> **EXERCISE DATA**:
+ + +

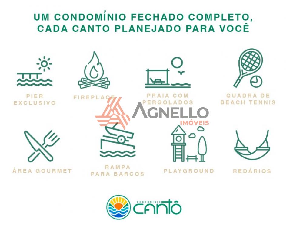 Condomínio com praia com pergolado, pier exclusivo, playground, área gourmet, fireplace, rampa para barcos, quadra de beach tennis e redário.
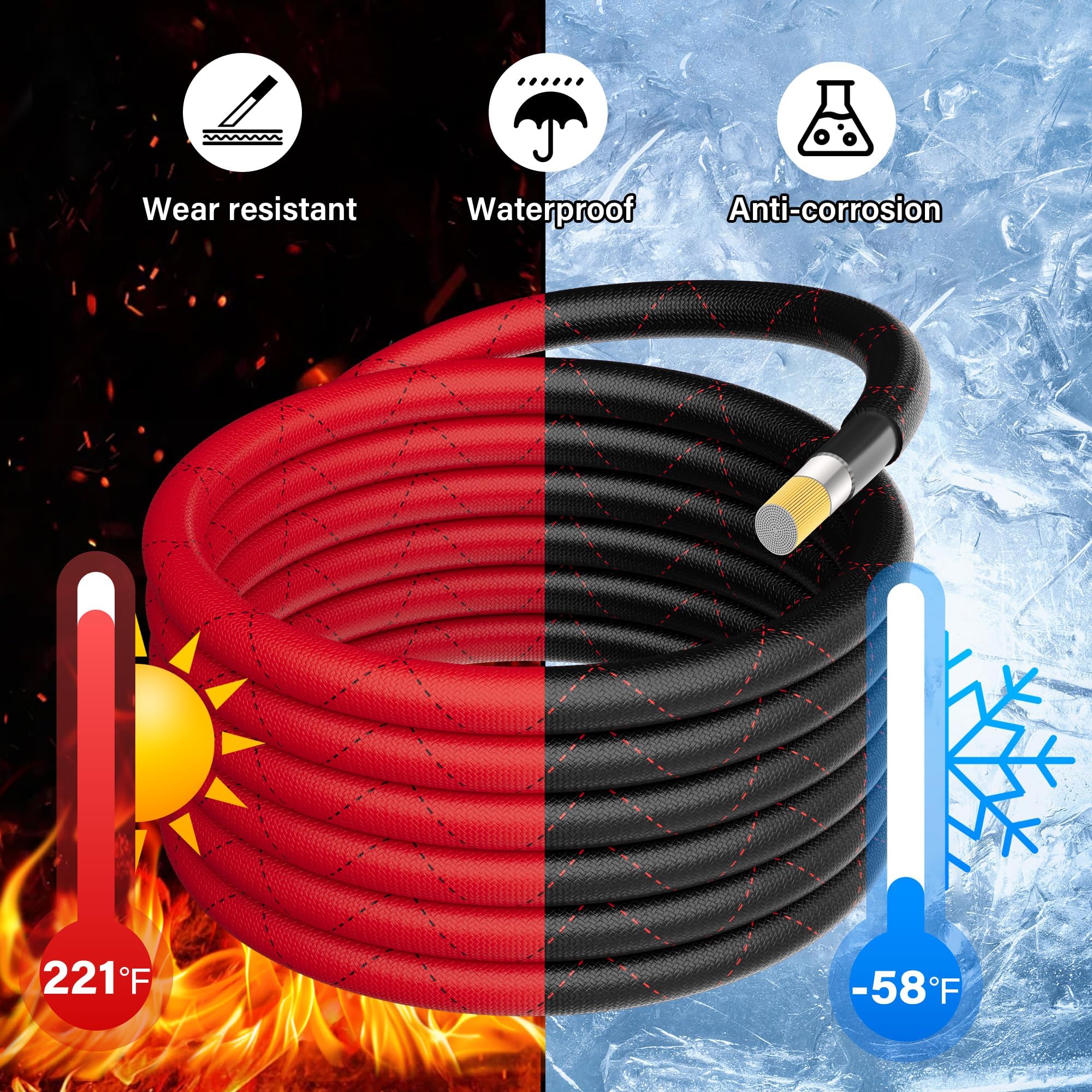 Flexible and Convenient Design: The cable features high-quality soft PVC and a braided outer jacket design, with a high strand count copper-clad aluminum wire (412/0.254mm) that provides excellent flexibility and easy installation, making it perfect for wiring in tight or complex spaces. The black and red wires, with either more black or more red, are easy to distinguish and wire
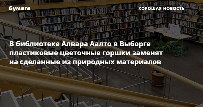 В библиотеке Алвара Аалто в Выборге в честь ее дня рождения пройдет акция «Сад Аалто» — пластиковые цветочные горшки там заменят на сделанные из природных материалов. Об этом сообщает фонд «Зеленый Петербург».
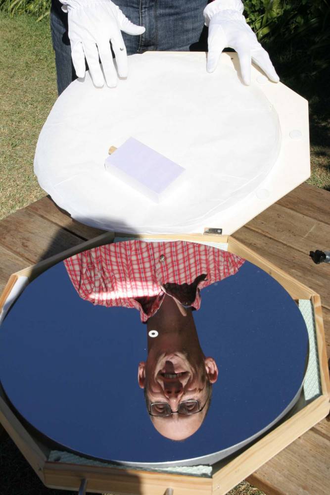 Einpacken ist angesagt, Achim im selbstgeschliffenem 17" Parabolspiegel

+ + +

> **ACTIVITY**:
Return a verbatim transcription of the data, omitting all images.

> **SOLUTION TO THIS TASK**:
 Condomínio com praia com pergolado, pier exclusivo, playground, área gourmet, fireplace, rampa para barcos, quadra de beach tennis e redário.
 Flexible and Convenient Design: The cable features high-quality soft PVC and a braided outer jacket design, with a high strand count copper-clad aluminum wire (412/0.254mm) that provides excellent flexibility and easy installation, making it perfect for wiring in tight or complex spaces. The black and red wires, with either more black or more red, are easy to distinguish and wire
 В библиотеке Алвара Аалто в Выборге в честь ее дня рождения пройдет акция «Сад Аалто» — пластиковые цветочные горшки там заменят на сделанные из природных материалов. Об этом сообщает фонд «Зеленый Петербург».
 Einpacken ist angesagt, Achim im selbstgeschliffenem 17" Parabolspiegel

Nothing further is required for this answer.